Coordinates: 40 ° 14 ′ 3 ″ N , 34 ° 41 ′ 46 ″ E
Alaca Höyük (also Alacahöyük or Alaca Hüyük ) is a settlement mound near the village of the same name in the district of Alaca in the Turkish province of Çorum in Central Anatolia , 25 km northeast of Boğazkale . It is equated with the Hittite Zippalanda (Popko 1994) or Arinna , the cult place of the sun goddess (Erkut 1992).
Alaca Höyük was already from the second half of the 6th mill. BC, thus in the middle Chalcolithic , settled. In the middle of the 3rd millennium BC It was a settlement of the pre- Indo-European Hattier , of which, among other things, the princely graves found testify. In the time of the Hittite empire 1600–1200 BC It was an important city, but it was overshadowed by the not far away capital Hattuša . A possible identification with Zippalanda, Kuššara or Arinna is not certain. During this time, the settlement was expanded with a fortification with at least two gates. With the fall of the Hittite Empire, the history of the city ended for the time being. In the early 1st millennium BC The place was briefly inhabited by Phrygians .

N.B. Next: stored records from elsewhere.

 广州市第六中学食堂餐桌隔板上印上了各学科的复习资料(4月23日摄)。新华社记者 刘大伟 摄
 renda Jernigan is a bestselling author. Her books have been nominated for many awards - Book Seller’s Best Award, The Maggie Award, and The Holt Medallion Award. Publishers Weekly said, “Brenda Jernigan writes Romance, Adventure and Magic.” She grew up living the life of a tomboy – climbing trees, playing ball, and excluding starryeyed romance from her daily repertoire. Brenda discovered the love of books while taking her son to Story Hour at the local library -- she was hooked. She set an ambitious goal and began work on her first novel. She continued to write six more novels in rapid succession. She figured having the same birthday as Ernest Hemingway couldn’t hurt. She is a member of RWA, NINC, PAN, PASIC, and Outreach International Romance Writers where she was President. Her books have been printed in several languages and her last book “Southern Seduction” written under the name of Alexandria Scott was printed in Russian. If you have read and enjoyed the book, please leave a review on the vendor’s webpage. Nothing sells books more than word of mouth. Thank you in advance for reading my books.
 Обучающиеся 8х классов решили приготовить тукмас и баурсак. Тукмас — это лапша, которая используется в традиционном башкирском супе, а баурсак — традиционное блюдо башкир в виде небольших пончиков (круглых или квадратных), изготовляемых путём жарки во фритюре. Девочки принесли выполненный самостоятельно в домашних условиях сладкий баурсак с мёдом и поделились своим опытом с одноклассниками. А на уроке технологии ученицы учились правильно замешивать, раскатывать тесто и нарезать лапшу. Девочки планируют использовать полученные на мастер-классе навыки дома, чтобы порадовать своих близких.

Alaca Höyük was discovered in 1836 by the English geologist and explorer William John Hamilton . Theodor Makridi carried out his first research in 1907. In the 1930s, the Turkish archaeologists Hâmit Zübeyir Koşay and Remzi Oğuz Arık uncovered the so-called princely graves during excavation work on behalf of the Türk Tarih Kurumu , in which the bronze standards of Alaca Höyük were found along with other grave goods. Since 1997 excavations by the University of Ankara under Aykut Çınaroğlu have been taking place. Since 2009, the German Mining Museum Bochum has been investigating the metal finds from the graves of Alaca Höyük in the Museum of Anatolian Civilizations in Ankara as part of the project, metal finds from the early Bronze Age princely graves of Alacahöyük, funded by the Fritz Thyssen Foundation . The finds are exhibited in the local museum and in the Çorum Archaeological Museum , except in Ankara .
In the course of the excavations from 2002 onwards, the Gölpınar dam , located 1.5 kilometers to the south, was exposed and made usable again by the Turkish Office for Water Management .

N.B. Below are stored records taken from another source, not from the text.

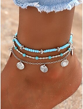 boho-kerroksinen nilkkakorusetti turkoosilla helmillä ja kuorikoruilla – rantavaikutteisia koruja naisille, täydellinen kesä- ja lomapukeutumiseen
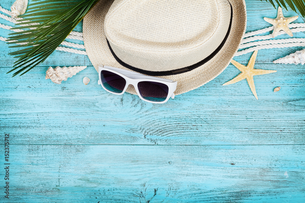 Straw hat, sunglasses, palm leaves, rope, seashell and starfish on blue wooden table top view in flat lay style. Summer holidays, travel and vacation background.
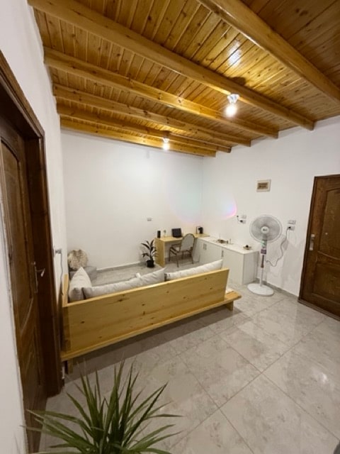 This special place is close to everything, making it easy to plan your visit and it a beautiful view and green concept. The interior design is super deluxe and smart with a work space, and equiped kitchen and and comfortable bedroom. The the bathroom is tiny but it's nice while everything you need including a strong hot shower with a mountain view A wonderful balcony surrounded by the trees and Dahab unique atmosphere. The experience is totally different than any place and it's brand new)
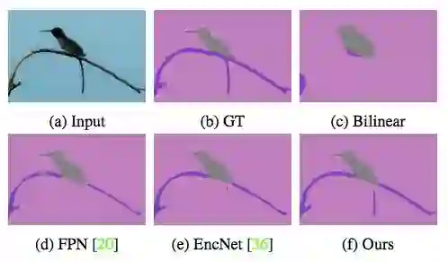 图 6:以 ResNet-50 作为主干网络且使用 Encoding Head 时,不同上采样模块的可视化结果对比。

- Maciej Popko : Zippalanda and Ankuwa once more. In: Journal of the American Oriental Society. Vol. 120, No. 3, 2000, pp. 445-448, doi : 10.2307 / 606014 .

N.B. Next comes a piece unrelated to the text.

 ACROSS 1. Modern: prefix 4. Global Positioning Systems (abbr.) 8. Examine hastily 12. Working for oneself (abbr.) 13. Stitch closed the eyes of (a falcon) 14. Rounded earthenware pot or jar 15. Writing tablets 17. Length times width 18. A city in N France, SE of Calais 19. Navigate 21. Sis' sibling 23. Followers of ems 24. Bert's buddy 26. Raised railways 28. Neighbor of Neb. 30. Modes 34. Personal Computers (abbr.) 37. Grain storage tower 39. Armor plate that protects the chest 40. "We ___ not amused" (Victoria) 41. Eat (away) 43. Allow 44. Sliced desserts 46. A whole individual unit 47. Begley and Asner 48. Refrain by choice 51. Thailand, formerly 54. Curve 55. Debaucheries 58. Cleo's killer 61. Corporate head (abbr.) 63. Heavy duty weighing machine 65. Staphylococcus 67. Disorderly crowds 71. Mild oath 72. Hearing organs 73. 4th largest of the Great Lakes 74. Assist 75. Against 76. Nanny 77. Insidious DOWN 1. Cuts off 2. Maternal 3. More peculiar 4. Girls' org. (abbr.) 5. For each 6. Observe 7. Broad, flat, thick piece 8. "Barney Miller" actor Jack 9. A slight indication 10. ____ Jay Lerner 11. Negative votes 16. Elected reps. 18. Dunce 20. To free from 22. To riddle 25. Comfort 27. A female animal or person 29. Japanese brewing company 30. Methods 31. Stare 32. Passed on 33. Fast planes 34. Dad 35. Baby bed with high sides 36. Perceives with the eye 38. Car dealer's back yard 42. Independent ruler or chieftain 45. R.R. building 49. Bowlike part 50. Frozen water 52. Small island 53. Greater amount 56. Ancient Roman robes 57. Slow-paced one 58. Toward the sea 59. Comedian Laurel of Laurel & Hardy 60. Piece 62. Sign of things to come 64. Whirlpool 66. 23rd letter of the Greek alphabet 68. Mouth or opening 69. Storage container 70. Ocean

- Sedat Erkut: Hitit çağının önemli cools kenti Arinna'nin yeri. In: Heinrich Otten , Hayri Ertem, Ekrem Akurgal , Aygül Süel (Eds.): Hittite and other Anatolian and Near Eastern Studies in Honor of Sedat Alp. = Sedat Alp'a armağan. = Festschrift for Sedat Alp (= Anadolu Medeniyetlerini Araştırma Vakfı yayınları. 1, ZDB -ID 197594-8 ). Türk Tarih Kurumu Basımevi, Ankara 1992, pp. 159-165.
- Volkert Haas : History of the Hittite religion (= Handbook of Oriental Studies . Sect. 1: The Near and Middle East. 15). Brill, Leiden 1994, ISBN 90-04-09799-6 .
- ↑ Ulf-Ulrich Schoop: The Chalcolithic on the Plateau. In: Gregory McMahon, Sharon Steadman (Eds.): The Oxford Handbook of Ancient Anatolia. 10,000–323 BCE Oxford University Press, Oxford et al. 2011, ISBN 978-0-19-537614-2 , pp. 150-173, here p. 160, doi : 10.1093 / oxfordhb / 9780195376142.013.0007 .
- ↑ Horst Ehringhaus : Gods, rulers, inscriptions. The rock reliefs of the Hittite Empire in Turkey (= Zabern's illustrated books on archeology . = Ancient world . Special volume). von Zabern, Mainz 2005, ISBN 3-8053-3469-9 , pp. 6-11.
- ↑ Excavations in the province of Çorum ( Memento of the original of March 22, 2014 in the Internet Archive ) Info: The archive link was automatically inserted and not yet checked. Please check the original and archive link according to the instructions and then remove this notice.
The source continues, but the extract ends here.